I do not value head size and bite strength too much when it comes to true working terriers.
Yes, I want a dog with teeth, and it does not hurt if the dog knows when to use them, but in truth 99 percent of the work of a working terrier has nothing to do with bite strength; it has to do with nose, experience, chest size, brains, discretion and, above all else, VOICE.
Large heads are a show-ring affectation; a value embraced by theorists.

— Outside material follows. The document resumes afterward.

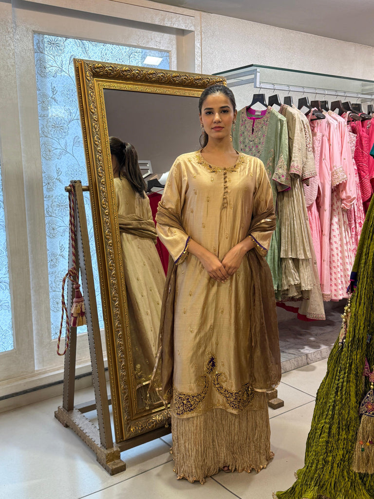 This 3 piece kurta set with attached crush skirt features heavily embroidered velvet applique paisley at the hem and butis spread all over the kurta.
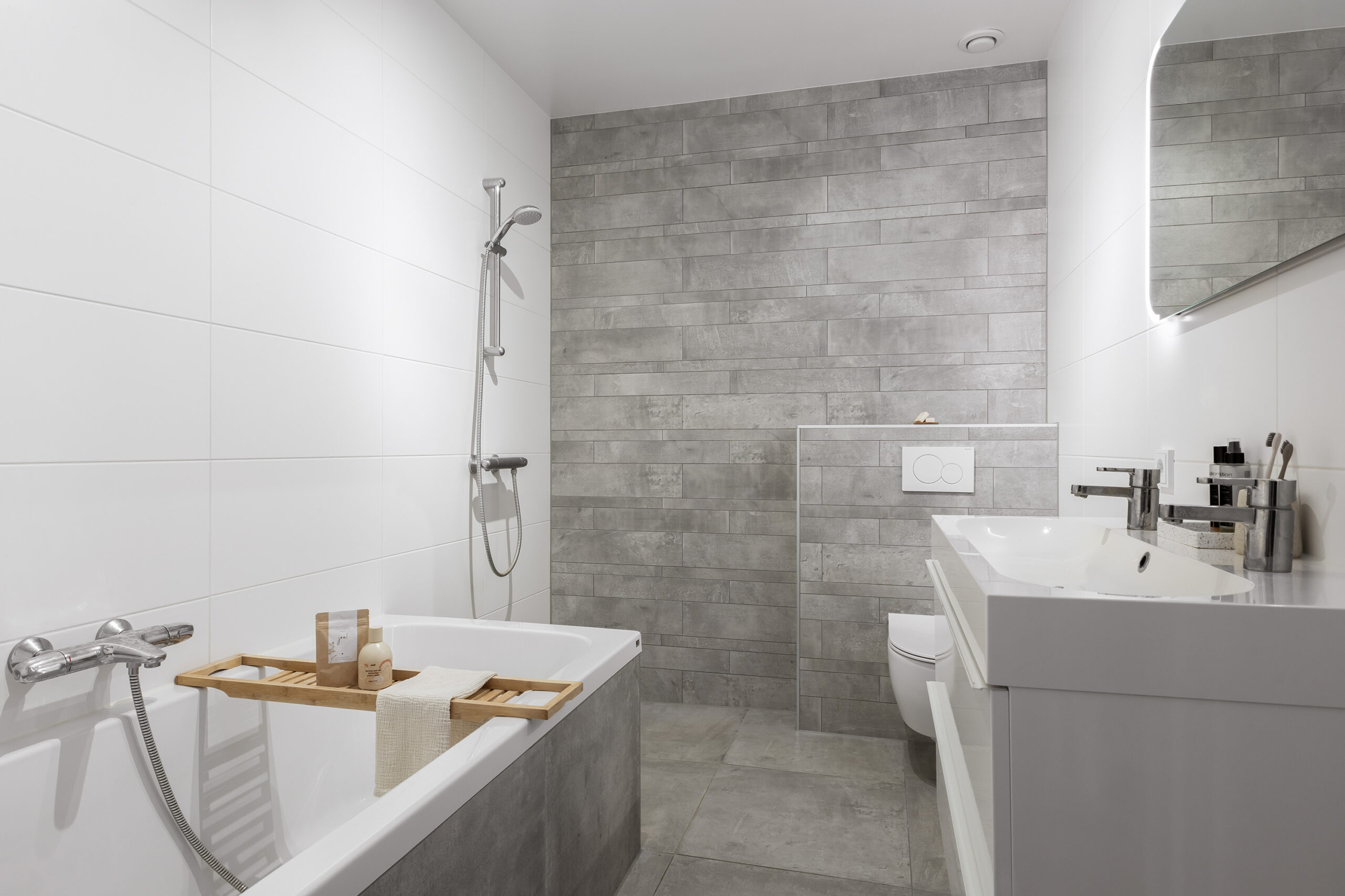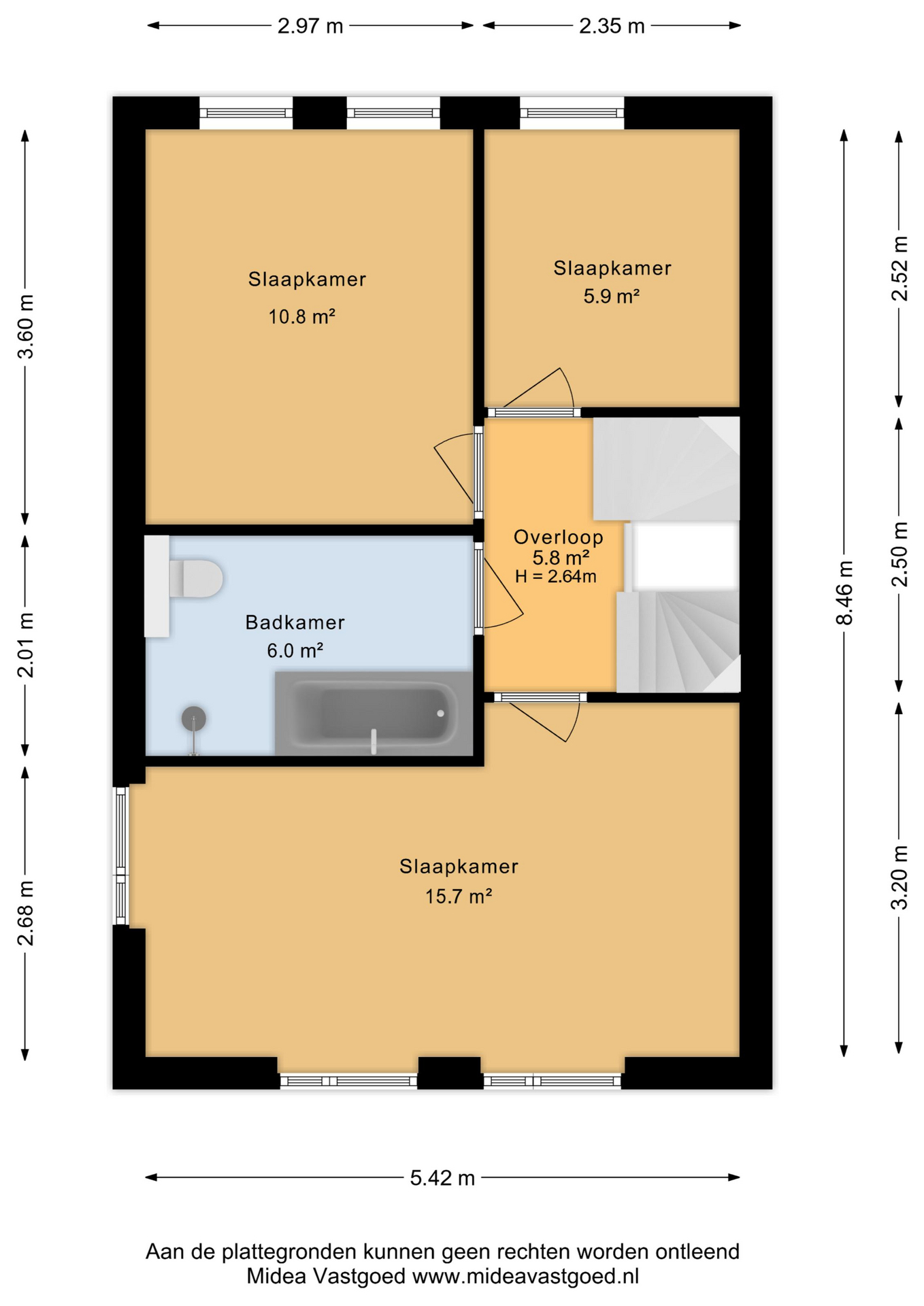 – 3 slaapkamers en een moderne badkamer (met ligbad, wastafelmeubel, douche en toilet) op de 1e verdieping

Yes, you need a dog with teeth, but almost any jaw in a dog weighing 10 pounds or more will have a decent set of teeth in it.
The problem with a large head is that it tends to come with a large chest; a morphologically-linked combination because the larger chest is needed to support the larger head.
The problem with having a large chest on a working terrier is that when the dog gets underground it cannot maneuver with the speed and agility needed -- if it can get underground at all.
People who claim that a dog can "get there if it has the desire" are talking nonsense; a dog cannot excavate the 30-foot length of a den pipe, not can it dig out a narrow constriction point lined with rock and root. The true digger, unlike the ring-side theorist or once-a-year digger, knows that most dens are not made of potting soil and corn stalks!
An over-large dog will too often jam itself into a pipe like a cork in a bottle. In such a situation, the dog may be unable to move left or right, and may only be able to move backward with a great deal of difficulty. A terrier in such a situation, with formidable quarry right in front of it, is more likely to sustain unnecessary damage than if it were a smaller dog with a weaker head but a decent voice that it actually used.
Bottom line: Give me the smaller dog with ready voice and brains enough to avoid wreckage. It is an animal that can be dug to week after week.
The over-large mute dogs with the bully heads covered with scars are not flashing a "red badge of courage." Too often they are simply saying they were too big for the pipe and too mute to use any tool but teeth. Seen in that light, scars are not a mark of success, but a mark of failure.